Requirement:
Leave out the pictures and output exactly the lines below from the one with "Abito floreale, manica" down to the one with "Tenký bezdrátový/beztlačítkový cyklopočítač", both of them included.

Exercise input:
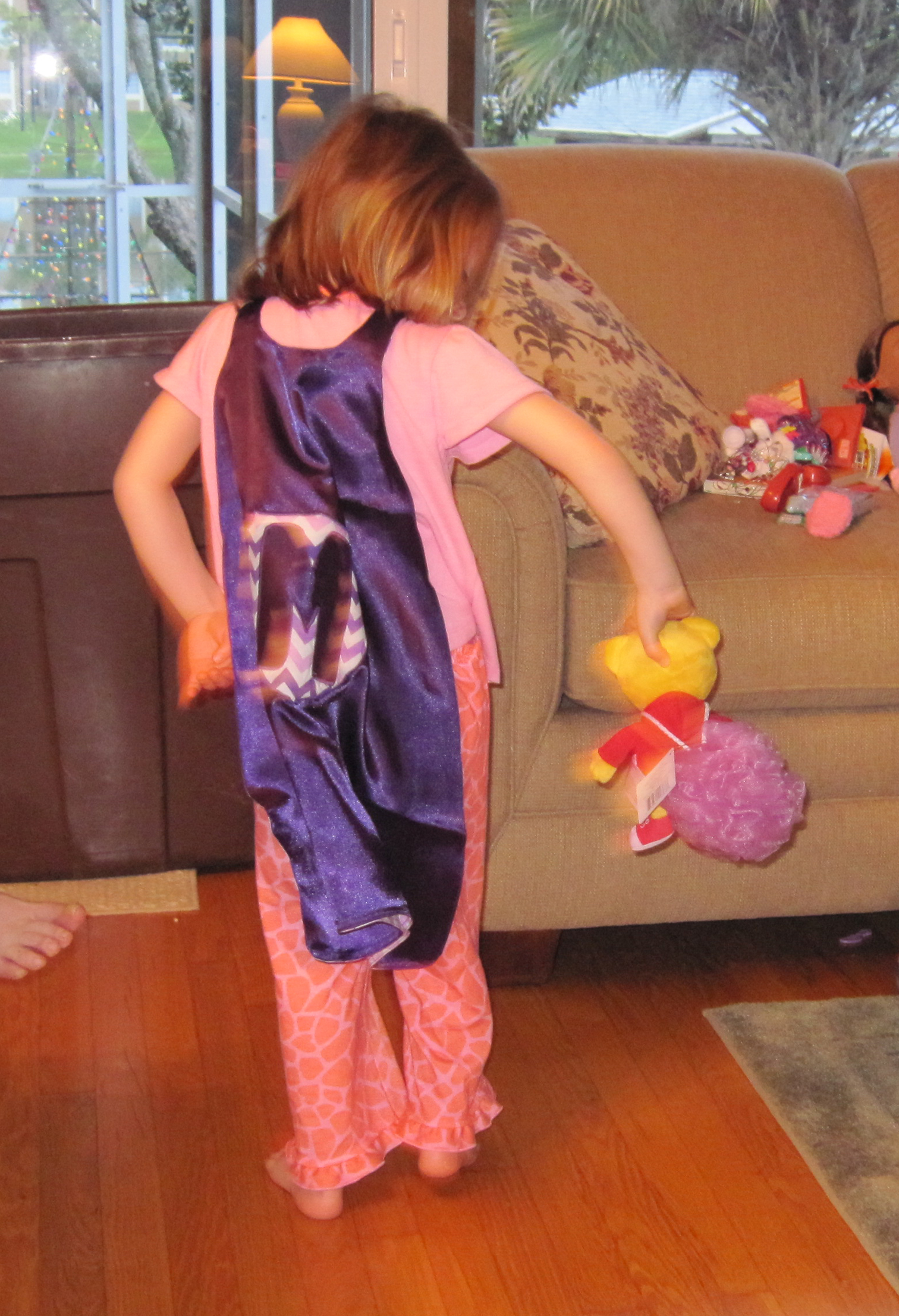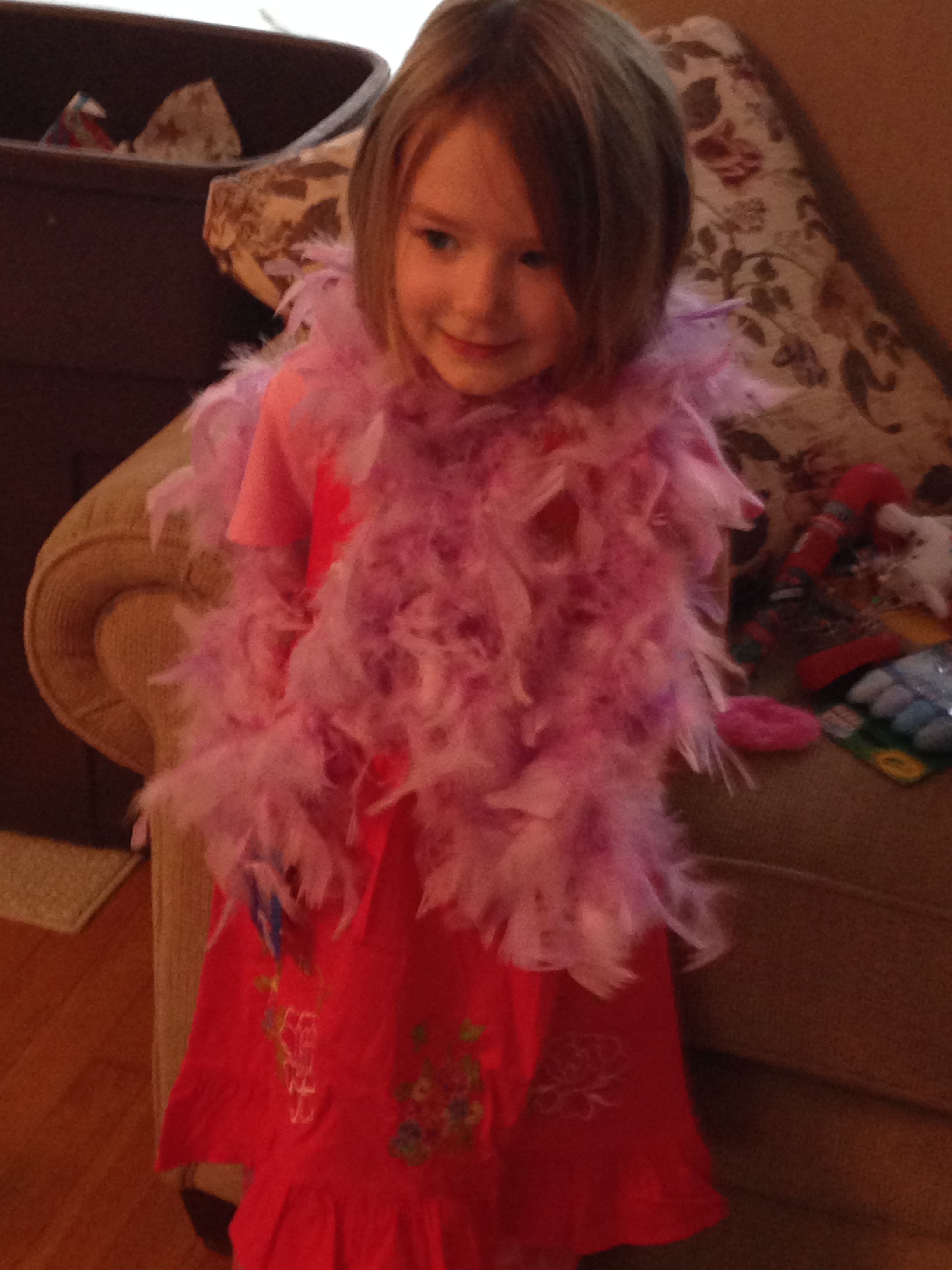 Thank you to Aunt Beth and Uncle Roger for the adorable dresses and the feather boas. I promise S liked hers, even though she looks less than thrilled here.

---

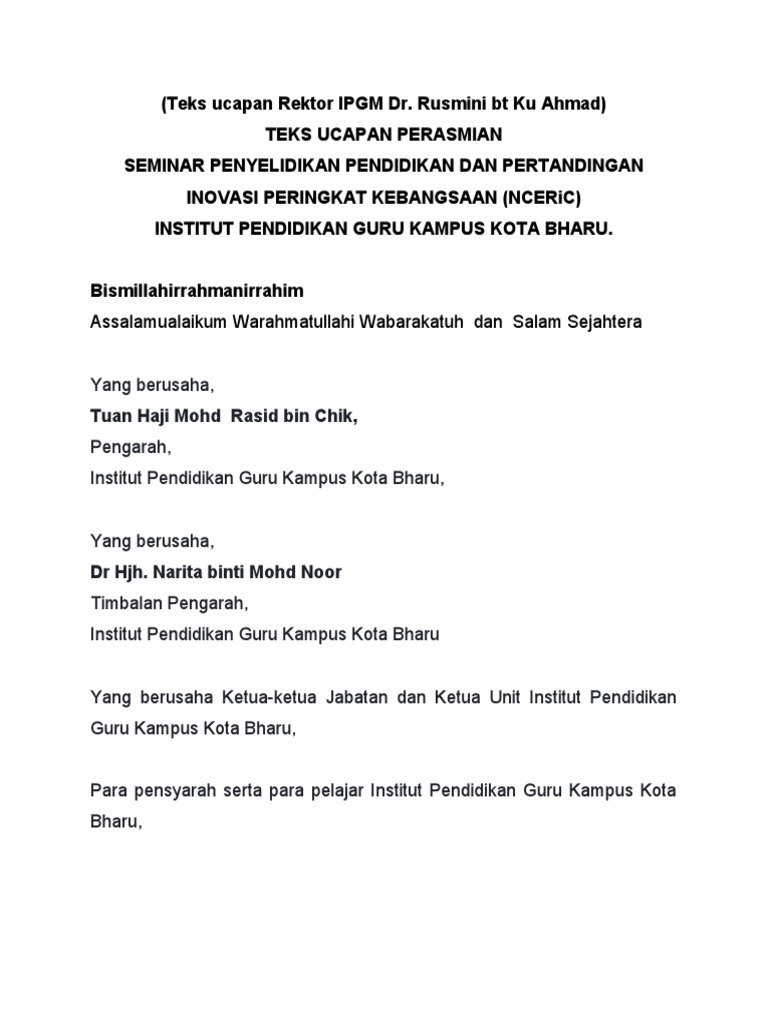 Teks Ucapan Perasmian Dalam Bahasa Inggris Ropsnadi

--

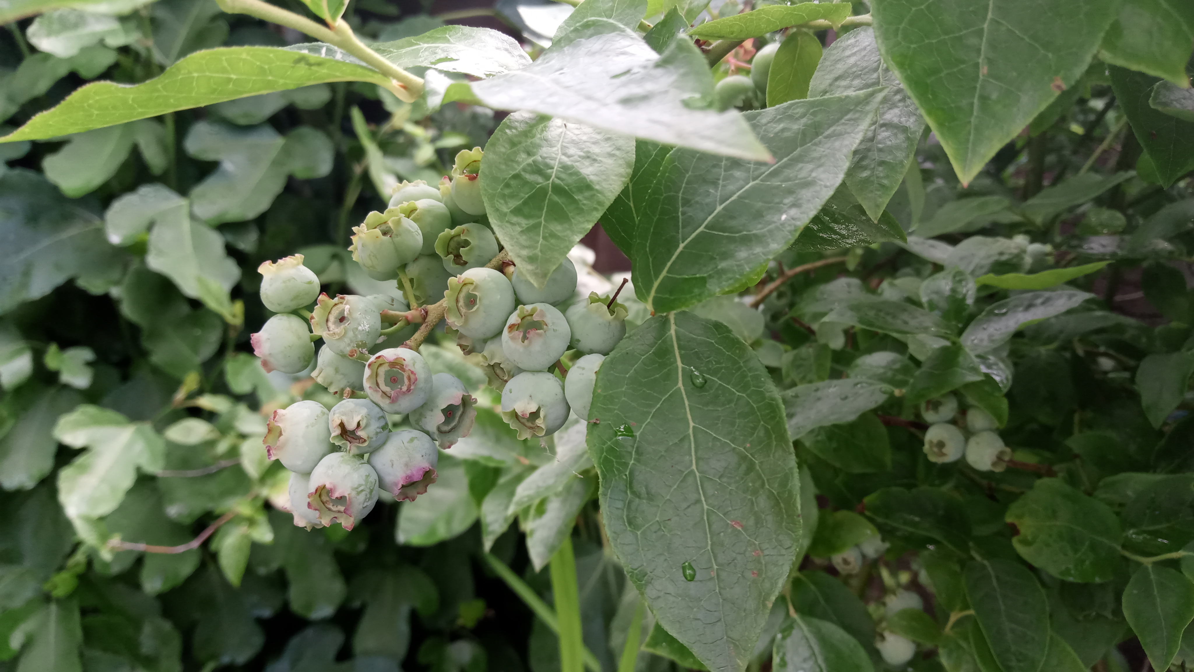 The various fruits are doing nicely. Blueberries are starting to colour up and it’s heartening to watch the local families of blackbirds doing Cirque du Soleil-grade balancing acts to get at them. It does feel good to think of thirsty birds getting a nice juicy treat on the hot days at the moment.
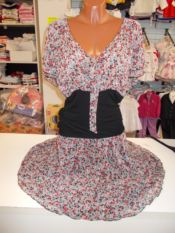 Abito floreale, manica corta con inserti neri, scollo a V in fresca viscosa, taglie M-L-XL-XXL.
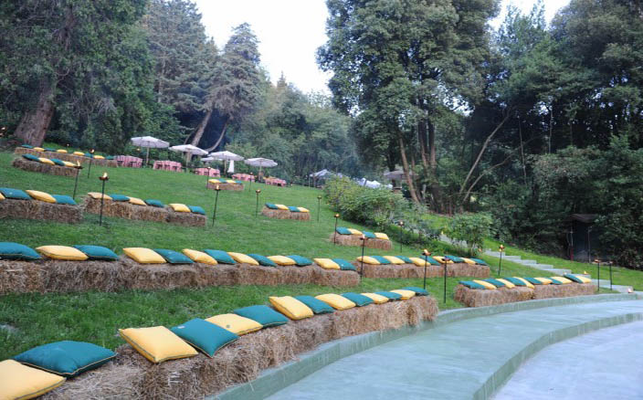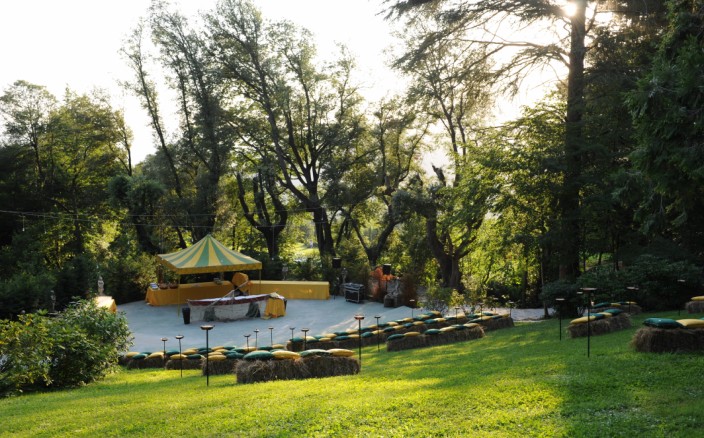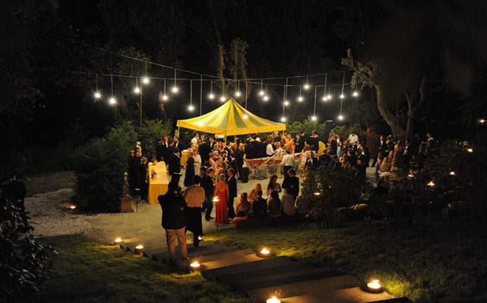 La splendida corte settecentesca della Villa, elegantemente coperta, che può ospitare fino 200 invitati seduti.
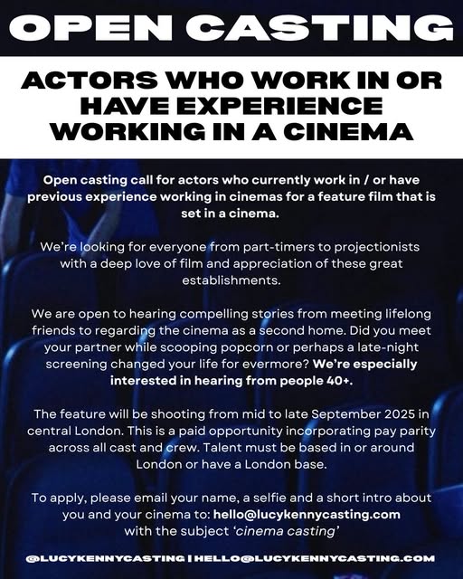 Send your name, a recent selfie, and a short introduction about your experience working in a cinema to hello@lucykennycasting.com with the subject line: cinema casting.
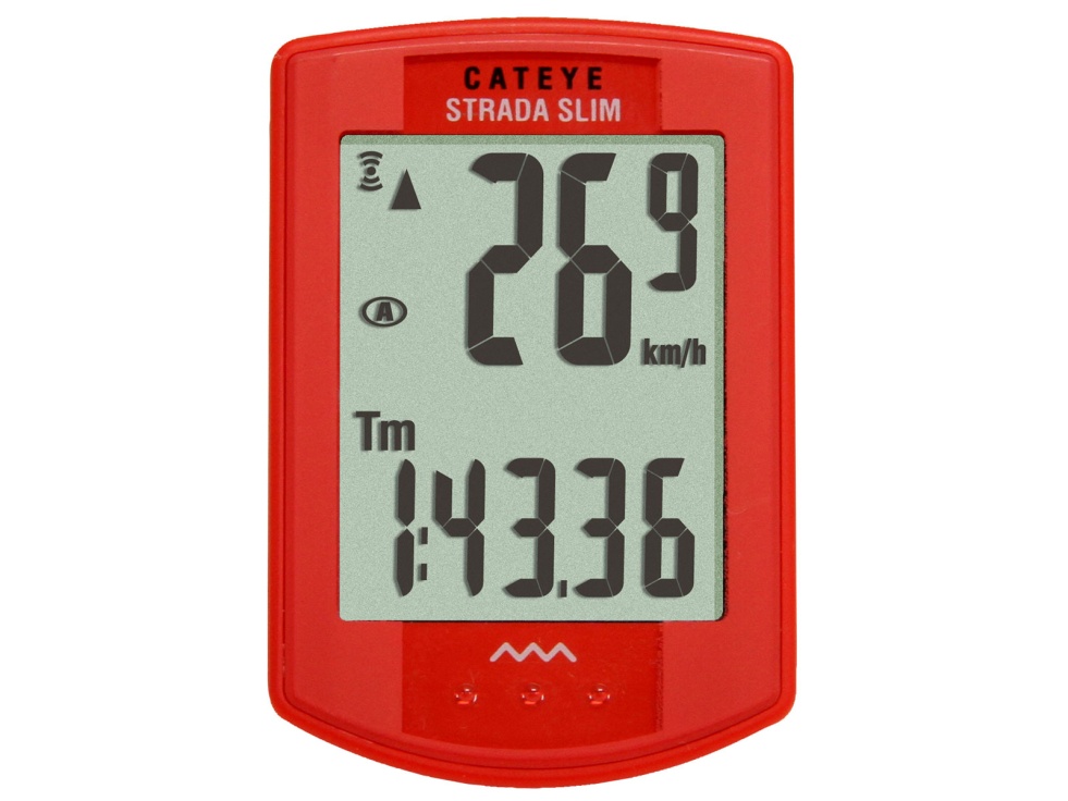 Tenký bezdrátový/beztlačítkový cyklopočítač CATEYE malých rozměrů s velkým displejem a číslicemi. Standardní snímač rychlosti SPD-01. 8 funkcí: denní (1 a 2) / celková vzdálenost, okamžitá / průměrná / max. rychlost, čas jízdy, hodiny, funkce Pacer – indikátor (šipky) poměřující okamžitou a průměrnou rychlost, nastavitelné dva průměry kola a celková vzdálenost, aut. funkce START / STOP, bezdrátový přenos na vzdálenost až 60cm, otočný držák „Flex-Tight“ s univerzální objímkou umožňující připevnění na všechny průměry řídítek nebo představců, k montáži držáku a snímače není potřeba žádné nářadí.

Exercise output:
 Abito floreale, manica corta con inserti neri, scollo a V in fresca viscosa, taglie M-L-XL-XXL.
 La splendida corte settecentesca della Villa, elegantemente coperta, che può ospitare fino 200 invitati seduti.
 Send your name, a recent selfie, and a short introduction about your experience working in a cinema to hello@lucykennycasting.com with the subject line: cinema casting.
 Tenký bezdrátový/beztlačítkový cyklopočítač CATEYE malých rozměrů s velkým displejem a číslicemi. Standardní snímač rychlosti SPD-01. 8 funkcí: denní (1 a 2) / celková vzdálenost, okamžitá / průměrná / max. rychlost, čas jízdy, hodiny, funkce Pacer – indikátor (šipky) poměřující okamžitou a průměrnou rychlost, nastavitelné dva průměry kola a celková vzdálenost, aut. funkce START / STOP, bezdrátový přenos na vzdálenost až 60cm, otočný držák „Flex-Tight“ s univerzální objímkou umožňující připevnění na všechny průměry řídítek nebo představců, k montáži držáku a snímače není potřeba žádné nářadí.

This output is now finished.